Hemobilia: A Narrative Review of Current Diagnostic Techniques and Emerging Management Strategies

Affiliations
Review

Hemobilia: A Narrative Review of Current Diagnostic Techniques and Emerging Management Strategies

Thomas Campos Carmona et al. Cureus. .

Abstract

Hemobilia is a relatively uncommon but important cause of gastrointestinal bleeding. It occurs due to abnormal communications between the biliary system and surrounding vasculature, often caused by surgical interventions, trauma, infections, or malignancies. The rise of advanced hepato-pancreato-biliary techniques, including radiofrequency ablation and transjugular intrahepatic portosystemic shunt (TIPS) placement, necessitates careful evaluation for the potential presence of hemobilia during the post-procedural period of these patients. Hemobilia can be difficult to diagnose, as common symptoms like jaundice, abdominal pain, and gastrointestinal bleeding are not always present together.

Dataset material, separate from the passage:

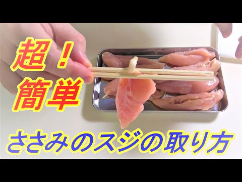簡単 鶏ささみのスジの取り方 ~割りばしを使って楽々 ~ - YouTube。

Imaging techniques such as Doppler ultrasound, contrast-enhanced computed tomography (CT), and angiography are critical for identifying the source of bleeding. Treatment typically focuses on achieving hemostasis and ensuring proper bile flow, with options including endoscopic techniques, angiography with transcatheter arterial embolization, and, in severe cases, surgical intervention. This review highlights recent advances in diagnostic and therapeutic approaches, emphasizing the need for early recognition and tailored interventions to improve patient outcomes.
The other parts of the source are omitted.